─── Entries supplied
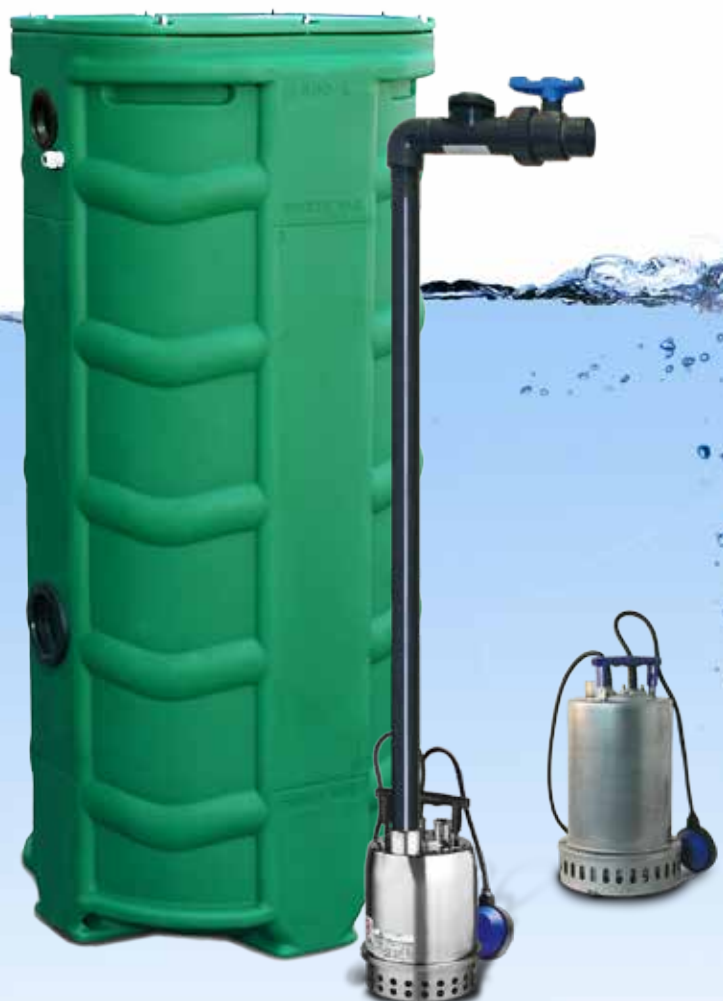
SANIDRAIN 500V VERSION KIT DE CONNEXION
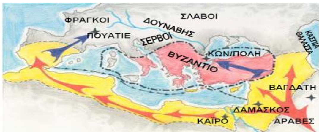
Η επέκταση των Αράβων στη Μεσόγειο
──────
─── Entries supplied
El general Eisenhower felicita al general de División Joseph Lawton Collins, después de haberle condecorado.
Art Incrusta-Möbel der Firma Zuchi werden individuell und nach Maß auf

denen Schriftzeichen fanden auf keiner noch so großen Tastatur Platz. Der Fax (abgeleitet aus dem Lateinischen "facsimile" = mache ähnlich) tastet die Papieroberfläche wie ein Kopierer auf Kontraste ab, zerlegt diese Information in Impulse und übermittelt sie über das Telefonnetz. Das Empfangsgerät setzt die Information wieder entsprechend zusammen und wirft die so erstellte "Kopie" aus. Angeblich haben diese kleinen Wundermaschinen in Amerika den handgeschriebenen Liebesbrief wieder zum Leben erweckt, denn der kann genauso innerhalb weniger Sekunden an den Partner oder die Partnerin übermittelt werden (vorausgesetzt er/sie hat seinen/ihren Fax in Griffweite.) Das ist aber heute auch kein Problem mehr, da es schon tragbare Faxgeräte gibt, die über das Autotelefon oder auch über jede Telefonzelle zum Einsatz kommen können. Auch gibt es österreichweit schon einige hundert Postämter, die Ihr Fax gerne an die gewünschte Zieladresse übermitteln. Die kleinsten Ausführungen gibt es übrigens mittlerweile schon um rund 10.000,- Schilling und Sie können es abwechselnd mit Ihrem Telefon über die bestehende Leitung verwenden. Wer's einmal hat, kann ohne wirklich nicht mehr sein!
──────
─── Entries supplied
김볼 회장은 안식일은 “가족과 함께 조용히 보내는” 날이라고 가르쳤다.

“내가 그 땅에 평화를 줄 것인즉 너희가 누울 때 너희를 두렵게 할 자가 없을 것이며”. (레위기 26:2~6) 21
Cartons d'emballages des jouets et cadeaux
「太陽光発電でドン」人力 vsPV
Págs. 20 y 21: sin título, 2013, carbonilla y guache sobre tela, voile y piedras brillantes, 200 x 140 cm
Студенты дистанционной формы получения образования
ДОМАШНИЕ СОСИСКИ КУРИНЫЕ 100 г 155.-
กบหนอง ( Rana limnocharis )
──────
_Exercise details:_ Return word for word the lines of the listing above, starting at the line with "SANIDRAIN 500V VERSION KIT DE CONNEXION" and ending at the line with "Η επέκταση των Αράβων στη Μεσόγειο", both included. Pictures do not belong in the copy.

_Finished task:_
SANIDRAIN 500V VERSION KIT DE CONNEXION
Η επέκταση των Αράβων στη Μεσόγειο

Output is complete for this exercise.